TASK REQUIREMENTS. Write all of the entries out again exactly, but not the images.

Records from a dataset

--

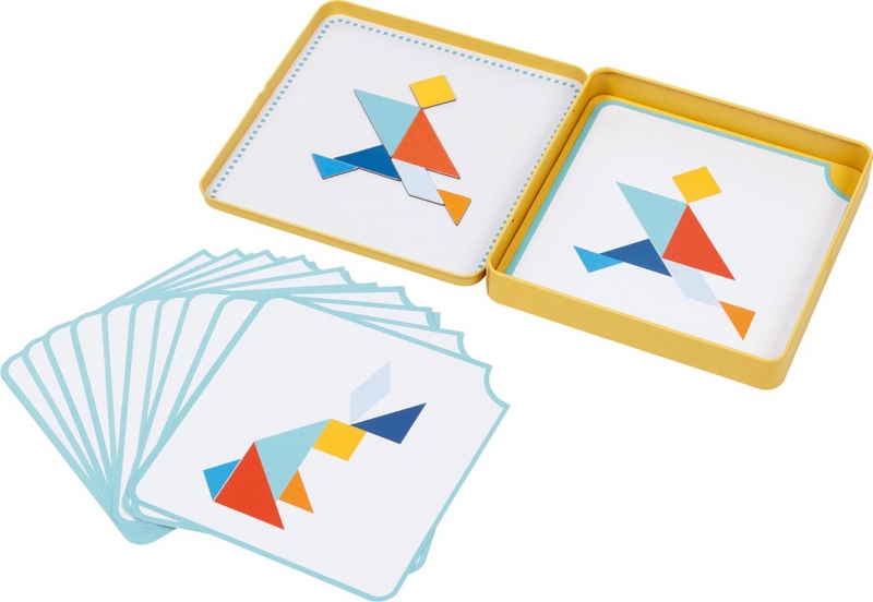 Kis fém dobozának belső felére tapadnak a mágneses tangram elemek, melyekből a különböző nehézségi szintű feladatkártyák segítségével figurák és formák rakhatóak ki.
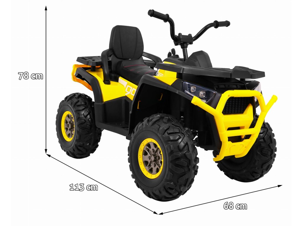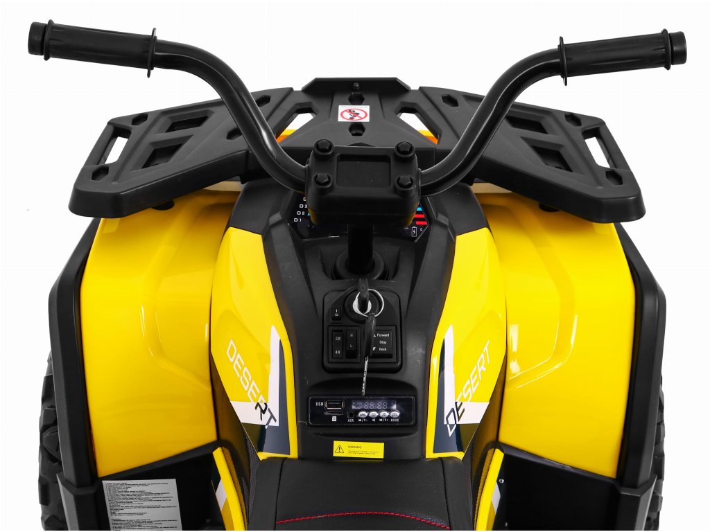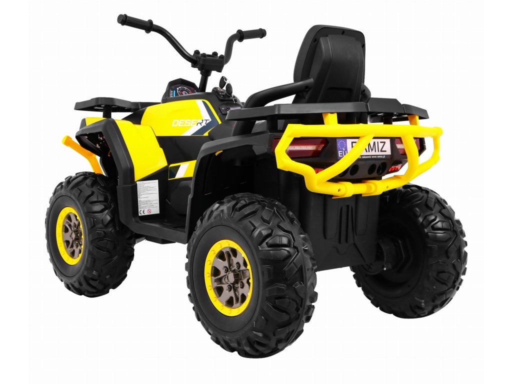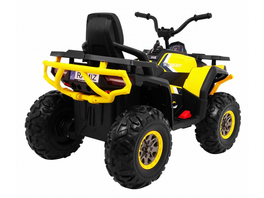 Elektrická čtyřkolka ATV Desert je díky robustní konstrukce, mohutným kolům z měkké pěny EVA, možnost přepínání náhonu (dvou nebo čtyř kol) vhodná pro řádění v terénu. Jízda vpřed i vzad, 2 rychlosti dopředu, 1 rychlost vzad. Čtyřkolka je vybavená LED osvětlením a mimo jiné i řadou senzačních zvukových efektů jako zvuk motoru, hudební panel s veselými písněmi zajistní radostnou jízdu. Součástí čtyřkolky je klíč pro nastartování čtyřkolky. Pohodlné sedadlo je z černé kůže.
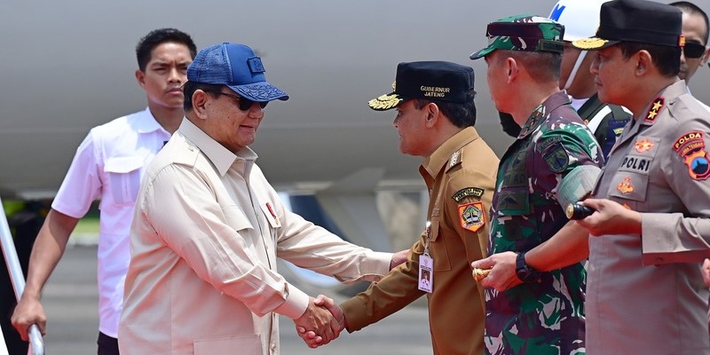 Gubernur Jawa Tengah Ahmad Luthfi menyambut kedatangan Prabowo yang tampak mengenakan baju safari krem dilengkapi topi biru.
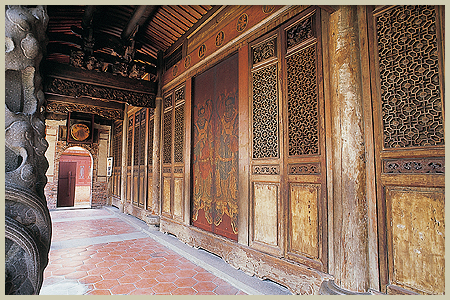 ]後殿的門屏為鹿港木雕李煥美、李松林等匠師所雕刻,門屏設計頗為實用,每個門扇皆可開啟,當寺方舉行慶典時,開敞的門屏方便信士的進出。前步口有一對龍柱,為蔣馨的女婿張金山所承製,龍柱造型為日治時期的風格,當時因航運不便,所以採用台灣的觀音石。後殿前步口開有二扇拱門與兩廂房聯接。日治時期,此廂房為日本住持居住的空間。
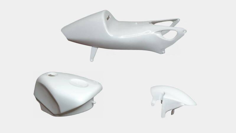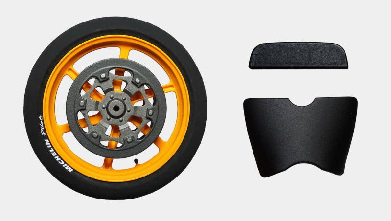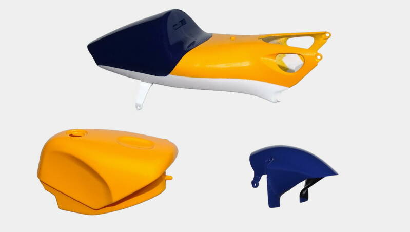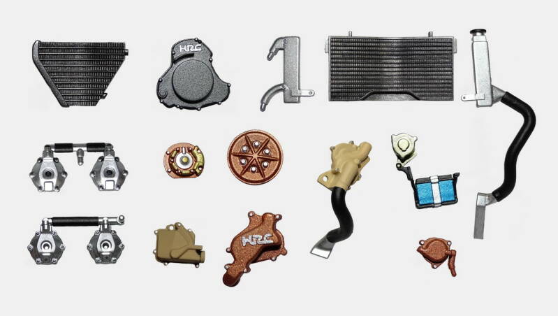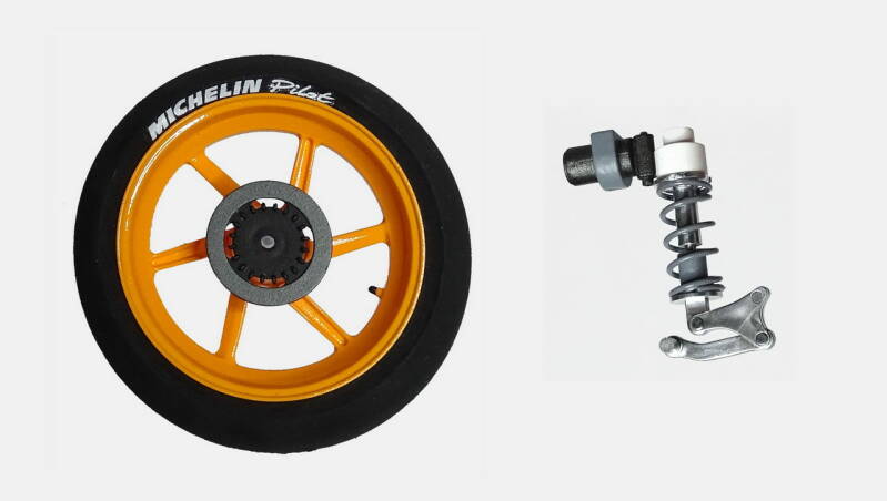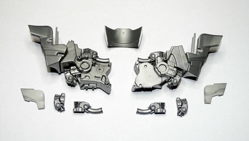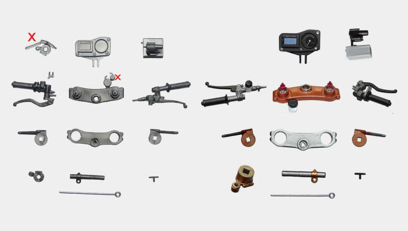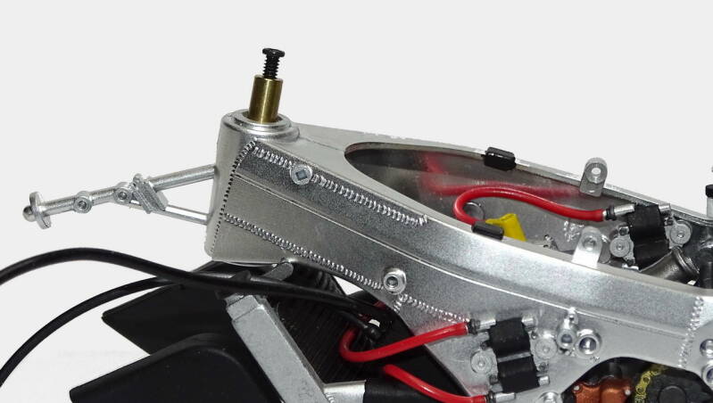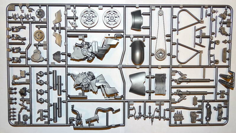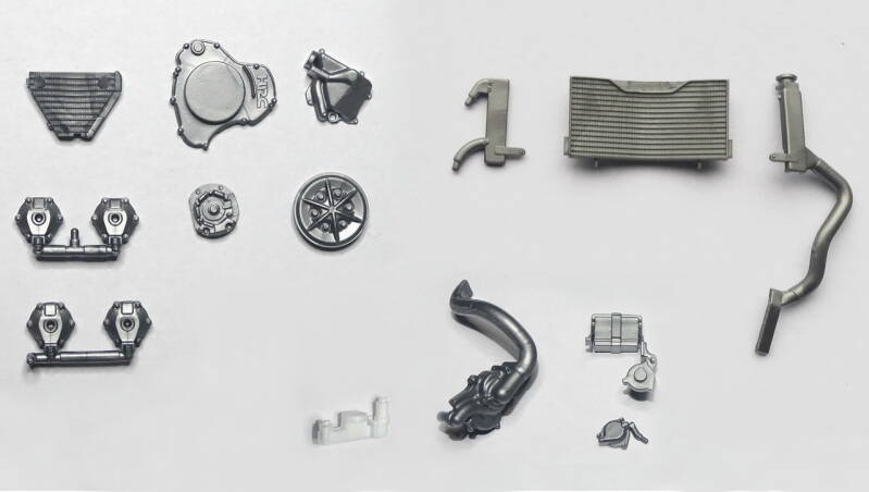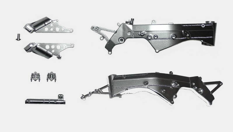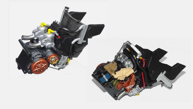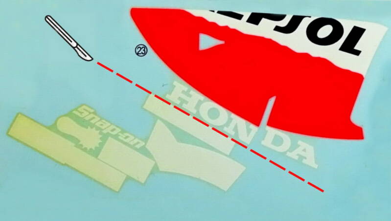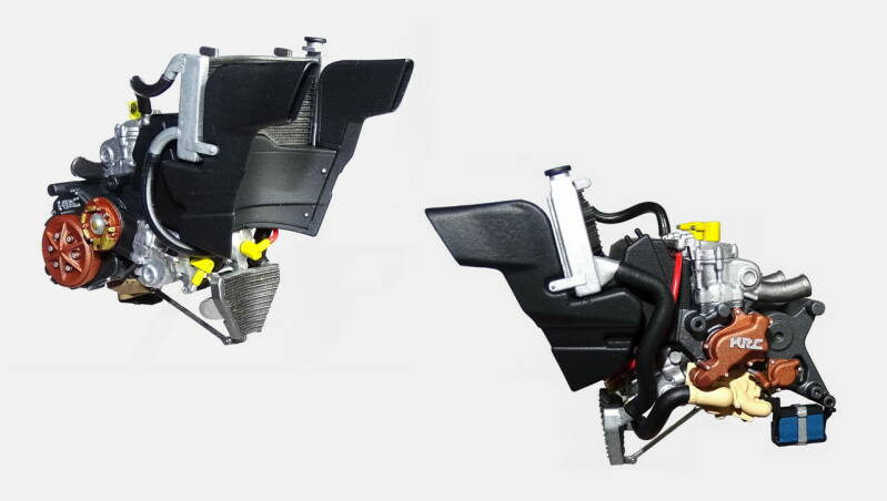 Vervolgens alle overige delen op kleur brengen. Let op ! Dit model kent 2 uitvoeringen waarvan 1 de uitvoering van Mick Doohan is. Door ernstige kwetsuren aan zijn been heeft men de achterrem van zijn motor gemodificeerd naar een handbediening. Die hoort niet thuis op dit model. De extra handgreep alsmede de kleine rempot op het balhoofd kunnen achterwege blijven (rode kruisjes).

--

REPLY TO THE EXERCISE.
 Kis fém dobozának belső felére tapadnak a mágneses tangram elemek, melyekből a különböző nehézségi szintű feladatkártyák segítségével figurák és formák rakhatóak ki.
 Elektrická čtyřkolka ATV Desert je díky robustní konstrukce, mohutným kolům z měkké pěny EVA, možnost přepínání náhonu (dvou nebo čtyř kol) vhodná pro řádění v terénu. Jízda vpřed i vzad, 2 rychlosti dopředu, 1 rychlost vzad. Čtyřkolka je vybavená LED osvětlením a mimo jiné i řadou senzačních zvukových efektů jako zvuk motoru, hudební panel s veselými písněmi zajistní radostnou jízdu. Součástí čtyřkolky je klíč pro nastartování čtyřkolky. Pohodlné sedadlo je z černé kůže.
 Gubernur Jawa Tengah Ahmad Luthfi menyambut kedatangan Prabowo yang tampak mengenakan baju safari krem dilengkapi topi biru.
 ]後殿的門屏為鹿港木雕李煥美、李松林等匠師所雕刻,門屏設計頗為實用,每個門扇皆可開啟,當寺方舉行慶典時,開敞的門屏方便信士的進出。前步口有一對龍柱,為蔣馨的女婿張金山所承製,龍柱造型為日治時期的風格,當時因航運不便,所以採用台灣的觀音石。後殿前步口開有二扇拱門與兩廂房聯接。日治時期,此廂房為日本住持居住的空間。
 Vervolgens alle overige delen op kleur brengen. Let op ! Dit model kent 2 uitvoeringen waarvan 1 de uitvoering van Mick Doohan is. Door ernstige kwetsuren aan zijn been heeft men de achterrem van zijn motor gemodificeerd naar een handbediening. Die hoort niet thuis op dit model. De extra handgreep alsmede de kleine rempot op het balhoofd kunnen achterwege blijven (rode kruisjes).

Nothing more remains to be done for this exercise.